Tool Execution Routing

When the LLM emits a tool call, the unified tool router in tool-impl.ts decides where to execute it. Local tools run inline in the Node process. Heavy or sandboxed tools are dispatched to BullMQ queues and the Node awaits the result:

ToolExecution TargetQueue
execute_codeWorker sandboxscalyclaw-tools
execute_skillWorker skill runnerscalyclaw-tools
execute_commandWorker shell executorscalyclaw-tools
delegate_agentNode agent executorscalyclaw-agents
Everything elseNode — inline (direct execution)— (no queue)

Queue System

ScalyClaw uses six BullMQ queues. The separate Worker process consumes only the scalyclaw-tools queue.
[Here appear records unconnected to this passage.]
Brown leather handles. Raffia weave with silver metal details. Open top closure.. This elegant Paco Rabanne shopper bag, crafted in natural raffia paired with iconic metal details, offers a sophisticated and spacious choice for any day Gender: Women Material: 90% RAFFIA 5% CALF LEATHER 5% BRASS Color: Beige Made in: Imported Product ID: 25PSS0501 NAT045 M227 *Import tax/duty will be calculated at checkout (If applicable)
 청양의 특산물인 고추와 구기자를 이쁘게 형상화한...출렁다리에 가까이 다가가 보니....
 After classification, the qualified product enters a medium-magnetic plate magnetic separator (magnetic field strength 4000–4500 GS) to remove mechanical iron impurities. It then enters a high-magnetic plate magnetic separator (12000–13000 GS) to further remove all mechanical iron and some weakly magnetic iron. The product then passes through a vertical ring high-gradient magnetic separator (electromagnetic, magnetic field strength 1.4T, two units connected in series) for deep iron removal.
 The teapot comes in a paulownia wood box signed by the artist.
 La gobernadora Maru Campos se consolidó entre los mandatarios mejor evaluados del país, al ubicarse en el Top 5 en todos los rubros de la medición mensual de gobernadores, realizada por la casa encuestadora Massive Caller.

The Node process runs its own BullMQ workers for the remaining five queues. Jobs are persistent — Redis stores them until acknowledged — so a restart never loses work in progress.

BullMQ queue naming

BullMQ forbids colons (:) in queue names because it uses colons internally as key separators in Redis. All ScalyClaw queue names use hyphens — e.g. scalyclaw-messages, not scalyclaw:messages.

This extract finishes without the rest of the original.